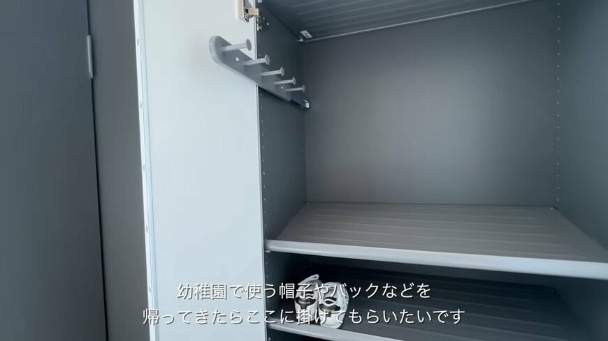 子供さんも手が届くよう、靴箱の下段を子供用靴置き場に。伸縮するハンガーも設置し、「帽子やバッグをかけてもらいたい」と父親としての願いも込められた空間になりました。
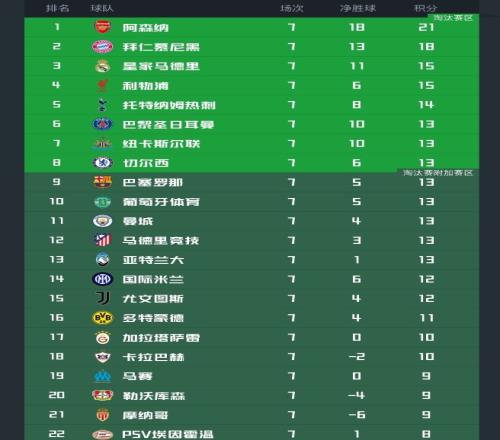 欧冠最新积分榜!阿森纳拜仁提前出线,4队已出局,第613名同分
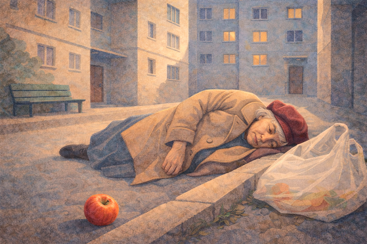 Она лежала на боку у бордюра. На вид ей было семьдесят — не больше. Пальто расстёгнуто, берет сбит на затылок. Рядом — пакет со скудным набором продуктов из самого дешёвого магазина да выкатившееся на асфальт яблоко. Правая нога была неестественно вывернута наружу, как у сломанной куклы. На удивление, женщина не кричала и смотрела лишь в одну точку, повторяя раз за разом: «Лёшенька». Соседка, вызвавшая нас, говорила быстро и сбивчиво, мол, шла из магазина, сумку рванули, толкнули, она упала. – А кто это был? – Парень в капюшоне. Убежал через арку. Я подошёл и посмотрел. Стопа больной ноги была ротирована наружу, а сама конечность укорочена. Ну, тут классика — шейка бедра. Давление — 190/110, пульс — 102, что неудивительно. Женщина в шоке, поэтому не чувствует боли. Несмотря на это, вводим обезболивающее, а после накладываем шину. Из подъезда напротив вышли двое мужчин в годах. – Дайте ей валерьянки, чего стоите! Второй: – Ногу надо выпрямить, я в армии видел… Попросил их отойти. – Може
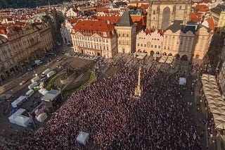 Prága belvárosában tartottak demonstrációt az influenszerek Csehország nyugati orientációjának megőrzése mellett
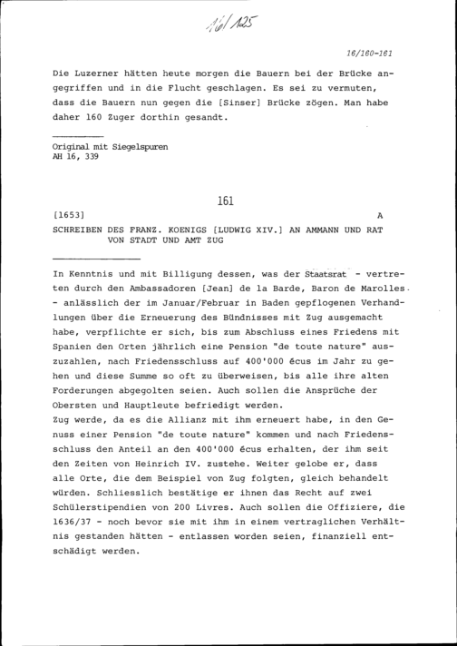 Schreiben von Beat II. Zurlauben an Beat Jakob I. Zurlauben, Bremgarten

→ Aim of the exercise: Take the entries above and set them down exactly, minus the pictures.

→ Answer box:
 子供さんも手が届くよう、靴箱の下段を子供用靴置き場に。伸縮するハンガーも設置し、「帽子やバッグをかけてもらいたい」と父親としての願いも込められた空間になりました。
 欧冠最新积分榜!阿森纳拜仁提前出线,4队已出局,第613名同分
 Она лежала на боку у бордюра. На вид ей было семьдесят — не больше. Пальто расстёгнуто, берет сбит на затылок. Рядом — пакет со скудным набором продуктов из самого дешёвого магазина да выкатившееся на асфальт яблоко. Правая нога была неестественно вывернута наружу, как у сломанной куклы. На удивление, женщина не кричала и смотрела лишь в одну точку, повторяя раз за разом: «Лёшенька». Соседка, вызвавшая нас, говорила быстро и сбивчиво, мол, шла из магазина, сумку рванули, толкнули, она упала. – А кто это был? – Парень в капюшоне. Убежал через арку. Я подошёл и посмотрел. Стопа больной ноги была ротирована наружу, а сама конечность укорочена. Ну, тут классика — шейка бедра. Давление — 190/110, пульс — 102, что неудивительно. Женщина в шоке, поэтому не чувствует боли. Несмотря на это, вводим обезболивающее, а после накладываем шину. Из подъезда напротив вышли двое мужчин в годах. – Дайте ей валерьянки, чего стоите! Второй: – Ногу надо выпрямить, я в армии видел… Попросил их отойти. – Може
 Prága belvárosában tartottak demonstrációt az influenszerek Csehország nyugati orientációjának megőrzése mellett
 Schreiben von Beat II. Zurlauben an Beat Jakob I. Zurlauben, Bremgarten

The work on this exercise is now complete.